Dr. John H. Van Evrie’s gravesite in Mt. Hope Cemetery. 5/21/20 See also On the defacing of Reflecting in Nathaniel Square and restoring the grave of “America’s first professional racist” in Mt. Hope Cemetery
This Sunday, in a Democrat and Chronicle Guest Essay, “All of us should embrace Black History Month,” David Cay Johnston (a Talker subscriber) describes some of the virulent racial propaganda of Dr. John H. Van Evrie (1814 – 1896) called by Johnston one of “the vilest racists in American history,” echoing historian George M. Fredrickson’s assertion that Van Evrie was “perhaps the first professional racist in American history.”

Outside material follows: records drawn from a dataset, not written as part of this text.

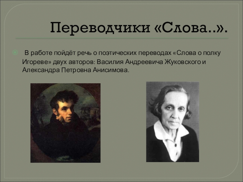 «Слова о полку Игореве» двух авторов: Василия Андреевича Жуковского и Александра Петровна Анисимова.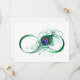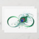 O símbolo do infinito com uma pena brilhante, verde, de pavão artístico sobre um fundo branco. Tatuagem.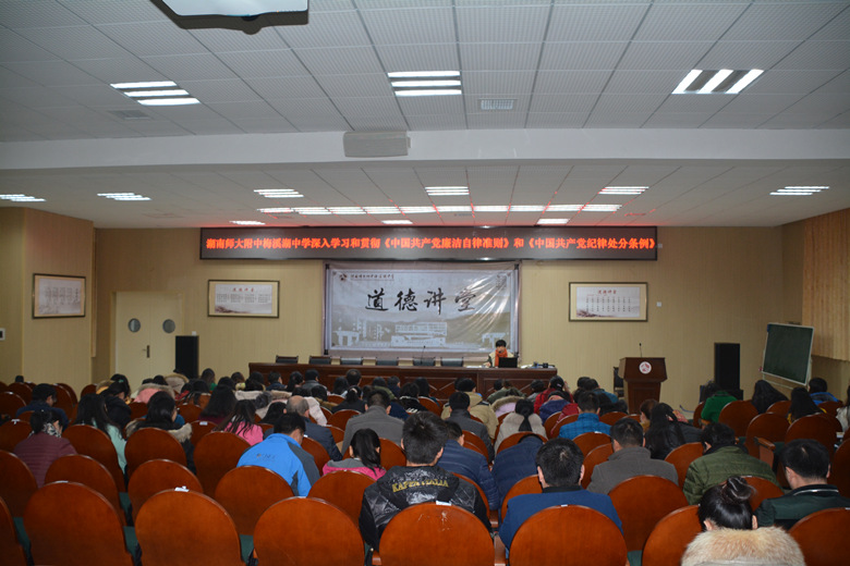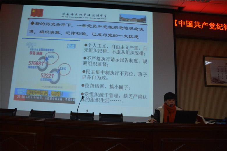 17日下午,我校在教学楼三楼阶梯教室召开“讲诚信、守纪律、懂规矩、做表率”党员大会,深入学习和贯彻《中国共产党廉洁自律准则》及《中国共产党纪律处分条例》,校党总支书记钟慧莉主持会议并讲话。全校党员教师参会。

W. G. Jackman, engraver. The White Republic against the World. Portrait of John H. Van Evrie. New York: For the subscribers of The New York Day Book, after 1868. (americanantiquarian.org)

Main Street, Rochester, NY, 1840 at the approximate time when Van Evrie was practicing medicine in the Smith’s Arcade, far left. (Central Library of Rochester and Monroe County · Historic Monographs Collection)
Churning out popular “scientific racism” treatises before and after the Civil War, Van Evrie claimed that blacks and whites were different species, skin color was immutable and blacks were incapable of mastering white languages, expressing emotion and even producing music.
Johnston also remind us — of which few knew — that Van Evrie, who practiced medicine in Rochester’s Smith’s Arcade in the 1840’s before moving to New York, is buried in Mt. Hope Cemetery.
Ironically, about the time Van Evrie left Rochester for New York to publish the Weekly Day Book — “White Men Must Rule America” printed on its masthead — Frederick Douglass moved to Rochester to publish The North Star.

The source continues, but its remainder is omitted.